The “complete blackout” reported by the pilot is hard to explain in today’s shipping world, in which large commercial vessels now operate with a range of automation, computerized monitoring, and built-in redundancies and backup systems designed to avert just such a calamity.
“In the last 30 to 40 years, the level of that redundancy has been increasing quite considerably,” said John Carlton, a professor of marine engineering at City, University of London. “The ship of today is so very different to the one of 30 years ago.”
Yet there is a wide range of possible factors contributing to the failure that investigators will have to sift through as they interview crew members, examine fuel supplies and scrutinize the ship systems that broke down that night.
If there was faulty maintenance, it could have caused a delay in starting the emergency backup generator, or an electrical fault could have prevented it from remaining engaged. Contaminated fuel or an inadvertently closed valve could have fouled or starved the main generators. Human error could have set off problems or failed to overcome them. The ship’s own automation could have led to equipment glitches. Or a fire could have broken out and damaged crucial equipment.

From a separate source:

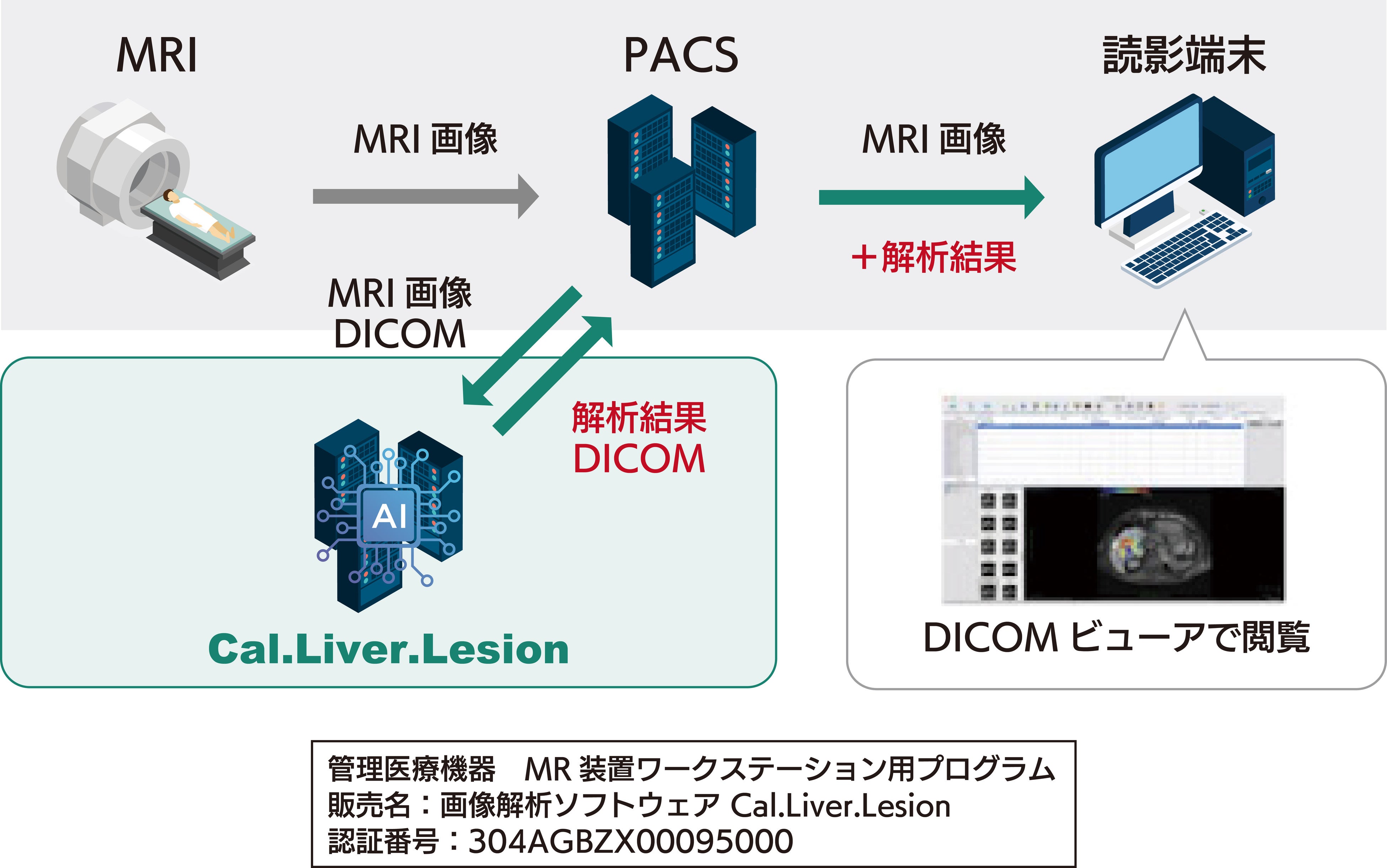 「Cal.Liver.Lesion」は、国立大学法人神戸大学大学院医学研究科 放射線医学分野との共同研究を経て、開発された製品で、MRI で撮像された画像から、周囲と比べ信号値の異なる領域を自動抽出し、カラーマップを作成することで抽出領域の視認性向上を図るプログラム医療機器です。

The answers will have implications not only for international shipping but also for who is liable for damages that S&P Global Ratings estimated at more than $2 billion.
Grace Ocean Private, the Singapore-based company that owns the Dali, said it was “fully cooperating with federal and state government agencies.” Grace Ocean’s owner is Yoshimasa Abe, a Japanese citizen who owns at least two shipping lines and more than 50 vessels, including some of the world’s biggest container ships. While the Dali was insured, Mr. Abe’s company potentially faces large claims against it, depending on the findings of the accident investigators.
Given the scope of the failure, it is possible that there were multiple problems. Timothy McCoy, a professor specializing in marine engineering at the University of Michigan, said that much like a plane crash, an extensive breakdown of a ship’s systems typically involve a sequence of events.
A close look at the potential factors involves many of the most essential elements in the operation of a modern cargo vessel — including the fuel that feeds the ship’s 55,000-horsepower diesel engine that in turn powers the ship’s propeller.